■ Supplied material
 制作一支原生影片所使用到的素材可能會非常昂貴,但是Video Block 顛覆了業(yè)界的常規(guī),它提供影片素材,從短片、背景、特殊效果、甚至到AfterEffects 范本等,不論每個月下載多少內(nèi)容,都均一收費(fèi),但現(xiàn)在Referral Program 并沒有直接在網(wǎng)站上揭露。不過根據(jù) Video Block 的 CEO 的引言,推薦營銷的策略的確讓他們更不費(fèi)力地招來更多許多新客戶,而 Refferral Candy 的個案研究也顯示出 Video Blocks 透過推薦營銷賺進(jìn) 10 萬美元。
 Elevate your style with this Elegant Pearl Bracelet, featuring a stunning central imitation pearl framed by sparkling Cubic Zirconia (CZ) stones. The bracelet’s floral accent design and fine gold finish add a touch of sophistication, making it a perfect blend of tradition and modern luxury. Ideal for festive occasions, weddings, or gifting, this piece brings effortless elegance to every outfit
==
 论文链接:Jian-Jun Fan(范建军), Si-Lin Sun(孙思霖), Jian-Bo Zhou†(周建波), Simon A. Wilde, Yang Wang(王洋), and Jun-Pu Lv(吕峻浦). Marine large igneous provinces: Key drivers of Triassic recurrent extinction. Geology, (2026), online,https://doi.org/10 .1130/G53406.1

■ Exercise directions
In the entries above, the lines from the one bearing "透過推薦營銷賺進(jìn) 10 萬美元。" up to and including the one bearing "Elevate your style" should be transcribed exactly; no other line is wanted.

■ Completed task
 制作一支原生影片所使用到的素材可能會非常昂貴,但是Video Block 顛覆了業(yè)界的常規(guī),它提供影片素材,從短片、背景、特殊效果、甚至到AfterEffects 范本等,不論每個月下載多少內(nèi)容,都均一收費(fèi),但現(xiàn)在Referral Program 并沒有直接在網(wǎng)站上揭露。不過根據(jù) Video Block 的 CEO 的引言,推薦營銷的策略的確讓他們更不費(fèi)力地招來更多許多新客戶,而 Refferral Candy 的個案研究也顯示出 Video Blocks 透過推薦營銷賺進(jìn) 10 萬美元。
 Elevate your style with this Elegant Pearl Bracelet, featuring a stunning central imitation pearl framed by sparkling Cubic Zirconia (CZ) stones. The bracelet’s floral accent design and fine gold finish add a touch of sophistication, making it a perfect blend of tradition and modern luxury. Ideal for festive occasions, weddings, or gifting, this piece brings effortless elegance to every outfit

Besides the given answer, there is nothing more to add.